Environ, 1/3 des participants est enthousiaste, 1/3 est réservé et
attentiste et 1/3 a peur ou est opposé. Parmi ces derniers, certains
déclarent "ça n'est pas avec vos machines qu'on peut faire
progresser les enfants". Ils mettent souvent en avant que l'enfant
est d'abord un être affectif, que son inconscient prime sur tout
autre aspect et que ses difficultés intellectuelles sont subordonnées
aux blocages de ses affects.
La croyance que le retard intellectuel ne serait dû qu'à des
blocages affectifs paraît, aujourd'hui bien désuète et est
abandonnée presque par tous. Par contre, ce qui est certain c'est
qu'on ne peut séparer ces deux aspects cognitifs et affectifs.
"Il n'existe aucune conduite, si intellectuelle soit-elle, qui ne
comporte, à titre de mobiles des facteurs affectifs.
Et réciproquement, il n'y a pas d'états affectifs sans intervention de
perceptions ou de compréhensions qui en constituent la structure
cognitive."
Qui a écrit cela ? On aurait très bien pu le trouver sans la plume
de Freud mais c'est Piaget qui en est l'auteur.
Et il continue en précisant que :" La conduite est une, même si
les structures (cognitives) n'expliquent pas son énergétique
(affective) et même si son énergétique n'explique pas ses
structures. Les deux aspects affectifs et cognitifs sont à la fois
inséparables et irréductibles."
Certains psychanalystes l'ont bien compris : Spitz et GouinDecarie, par exemple, qui ont intégrés les travaux de Piaget dans
leurs propres recherches.
Ce lien entre l'affectif et le cognitif est largement pris en
considération à Logicom et fait l'objet d'une partie de la formation
donnée dans les stages psychopédagogiques.

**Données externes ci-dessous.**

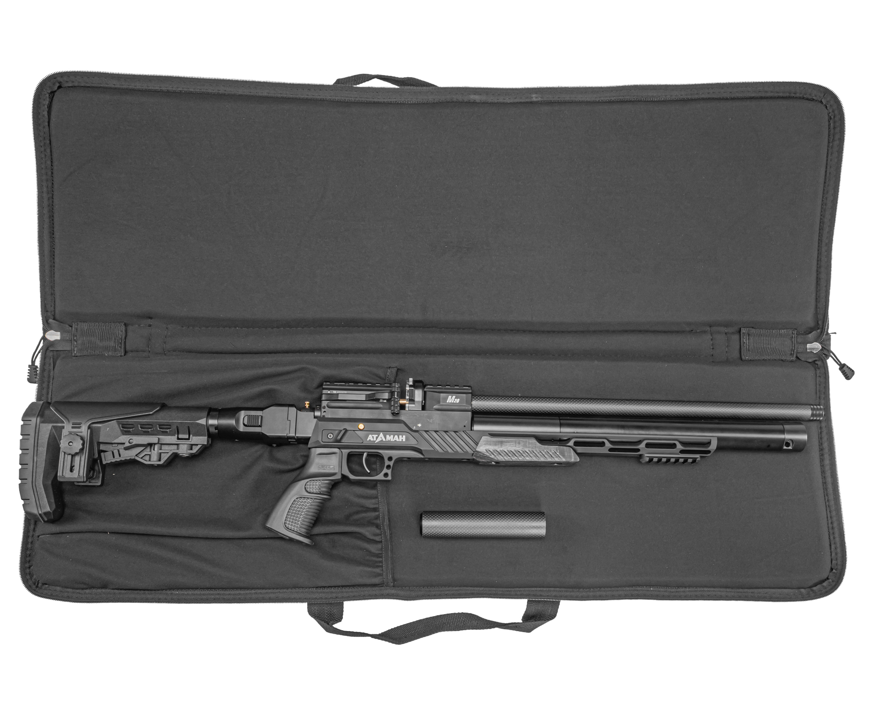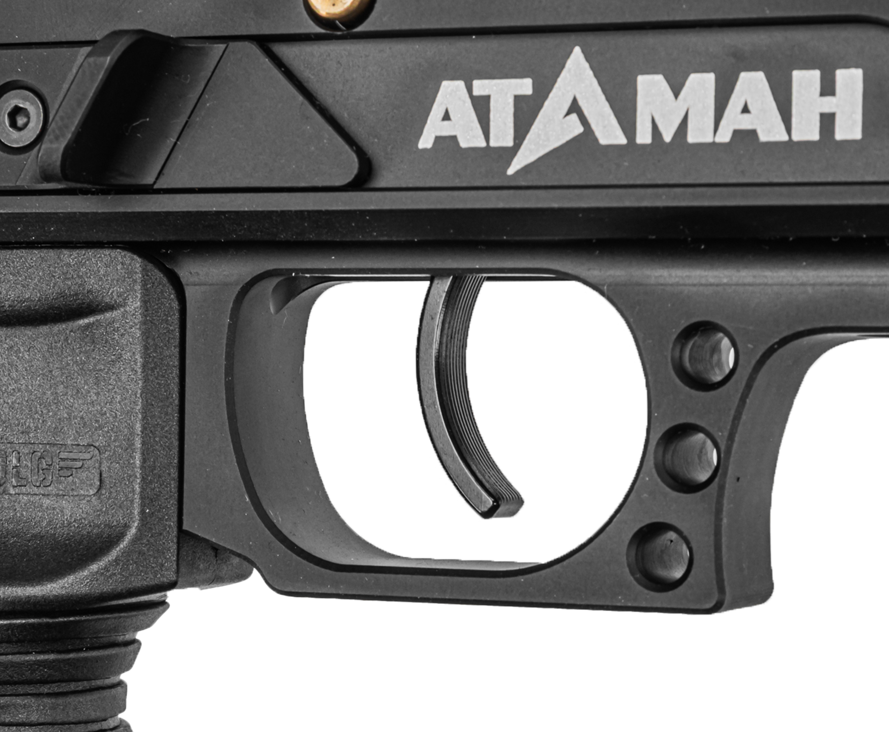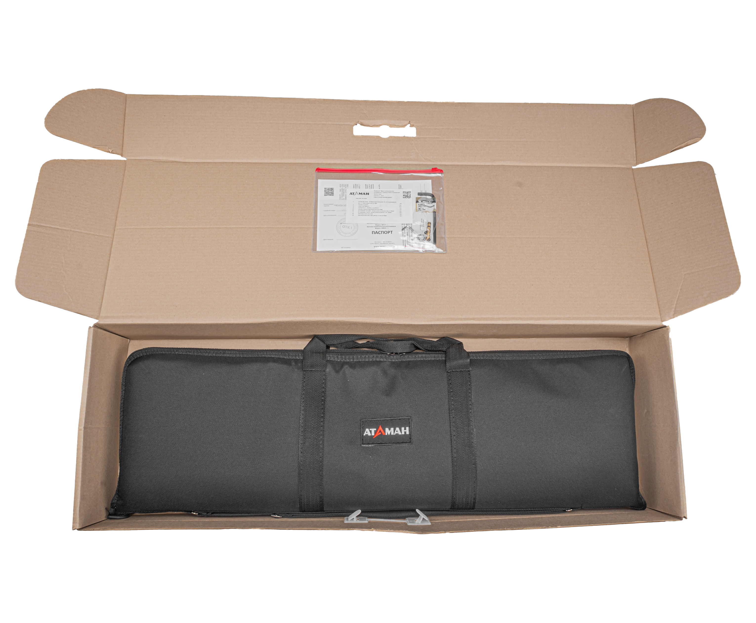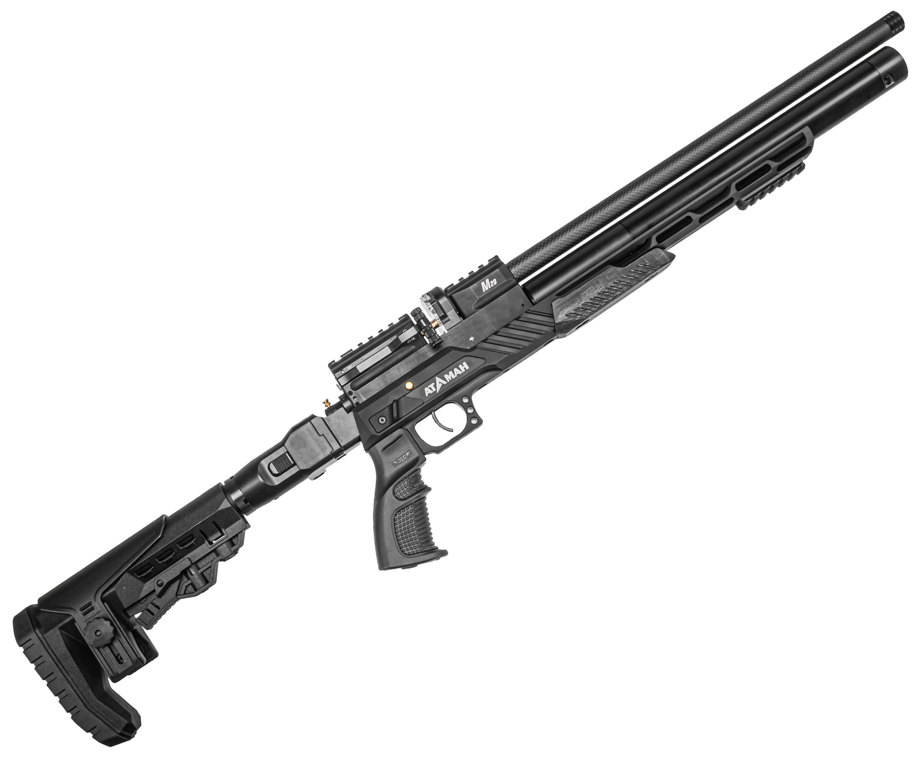 Карабин фирмы Атаман предполагает использование боеприпасов калибром 6.35 мм. Изделие оснастили нарезным стволом длиной до 435 миллиметров, внутреннее сечение которого дает зарядить как воланчиковую пулю, так и полнотел. Бланк получил увеличенный рабочий ресурс, так как изготавливается из инструментальной легированной стали и оформляется карбоновым кожухом.

Nous avons demandé à l'équipe de Madame Yerles de nous en
apporter un témoignage vivant et de nous faire part de ce
renouveau de confiance en soi que suscite l'emploi de l'ordinateur
auprès de jeunes en échec scolaire dans les quartiers défavorisés
où l'ordinobus vient stationner.
L'informatique peut apporter un concours particulièrement
précieux au développement intellectuel de toutes personnes
handicapées ou non. Mais pour cela, il faut créer de nombreux
programmes adaptés aux besoins de l'éducation et de la
rééducation.
Plusieurs possibilités nouvelles semblent s'ouvrir.
L'utilisation des systèmes experts par exemple, qui pourraient
aboutir à la création de programmes informatiques qui seraient des
"Tuteurs intelligents", c'est à dire qui pourraient assister l'élève
comme le ferait un éducateur, en analysant ses réussites et ses
erreurs et en le guidant vers de nouveaux exercices ou des
explications adaptées.
Nous avons demandé à Madame Sayettat, professeur à L’ENSM
d'intervenir sur cette question et de nous expliquer les perspectives
offertes par les systèmes experts et leurs limites.
Logicom apporte également sa contribution à cette recherche
d'outils de création informatique simples et conviviaux.
C'est Monsieur Riou, responsable du développement
informatique à Logicom qui nous présentera le langage IMAGIQUE:
un nouveau moyen déprogrammation multimédia à l'usage des non
professionnels de l'informatique.
Nous vous présenterons également une maquette du carnet
parlant qui devrait devenir bientôt un magnifique auxiliaire de
paroles, léger et portable pour les IMC, aphasiques et quelques
autres handicapés.
Les -moyens d'entrer en relation avec l'ordinateur, les
contacteurs seront évoqués dans le carrefour (B) de cet aprèsmidi,animé par Monsieur Jacques Labarre et Monsieur Riou.